Royse had heard of other coyote sightings around town, including one near her daughter Kelsey’s house.

“They’ve spotted it throughout the neighborhood,” she said.

Steve Greiwe, who lives on Fulton Road in town, said he saw one run across the street and down by his next door neighbors’ house about two weeks ago.

Craig Caudill of Winchester, an outdoors writer and director of the Nature Reliance School, said that in talking with police officers and others, he knows there have been coyotes seen around that part of town. He said it looks like they’re in the woods behind 84 Lumber and near Calvary Christian Church, across the bypass from the Kroger shopping center.

“It isn’t strange at all,” Caudill said, when asked whether it was unusual to see coyotes in town. “There’s a huge feral cat population behind Goodwill,” and that’s the big draw, he said.

“It’s basically a buffet for coyotes,” he said.

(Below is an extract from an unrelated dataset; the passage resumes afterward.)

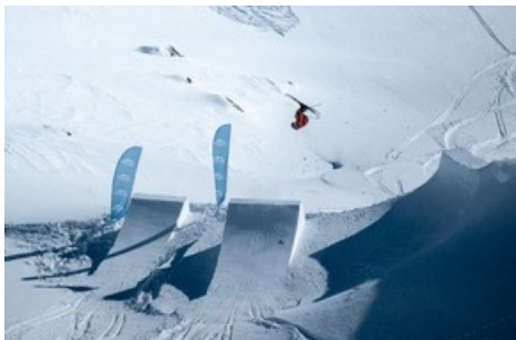
Nendaz Backcountry Invitation

Also easy prey, he said, are the squirrels in town that are unafraid of people and not used to being hunted.

It would be unusual for a coyote to attack a human, even a child, but  someone out walking a little dog might be at risk.

Caudill said he has seen coyotes on the edge of town, but not in the city.

Coyotes are closely related to wolves but smaller. Forty to 45 pounds would be large for a male. They’re mostly carnivorous and in the wild eat rabbits, squirrels and other rodents, birds and other small animals.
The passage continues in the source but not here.